This article was originally published on ETFTrends.com.
The Energy Select Sector SPDR (XLE) , the largest equity-based energy ETF, is up less than three percent this year, underscoring the point that energy is one of the worst-performing groups in the S&P 500.
Moreover, the sector's weight in the S&P 500 is dwindling, down to just 4.23% as of the end of November and earlier this year, Exxon Mobil (XOM) , XLE's largest component, fell out of the top 10 S&P 500 members for the first time ever. Still, some market observers believe the downtrodden sector is poised to bounce back.
XLE targets the Energy Select Sector Index and “seeks to provide precise exposure to companies in the oil, gas and consumable fuel, energy equipment and services industries,” according to State Street.
“In the U.S., energy stocks are having another disappointing year, capping what has been a lost decade.
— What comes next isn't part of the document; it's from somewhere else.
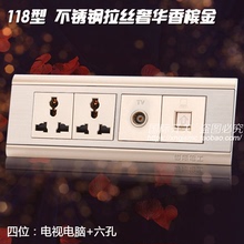 正品118型开关插座面板 不锈钢拉丝香槟金 四位 电视电脑+10孔

Energy stocks in the S&P 500 index have returned just 5% this year (including dividends), against a 28% return for the S&P 500, despite a 19% gain in crude to $56 a barrel,” reports Andrew Bary for Barron's. “The performance is also weak over the past 10 years. The sector is bringing up the rear in the S&P 500 with a 6% annualized return, against 17.8% for the index and 22.7% for the market-leading technology sector, according to S&P. Energy is down to a record-low 4% weighting in the S&P 500 and is worth less than the market value of Apple (AAPL) .”
Value In The Wreckage
One reason some investors may be revisiting XLE is that the energy sector is being viewed as a value destination and there has recently been a rotation to value away from growth.
Analysts also expect the volume of U.S. crude oil in storage should diminish in the weeks ahead before reversing course at the end of peak driving season, along with the start of the seasonal refinery maintenance period.
“Energy could surprise and emerge as one of the top sectors in the next 10 years. Stoeckle favors Chevron (CVX) , ConocoPhillips (COP) , BP (BP) , and Total (TOT) . The European stocks are particularly cheap, in part because of the divestment effort. BP stock, at $37, and Royal Dutch Shell, at $58, both trade for just 13 times projected 2019 earnings and yield 6.5%,” according to Barron's.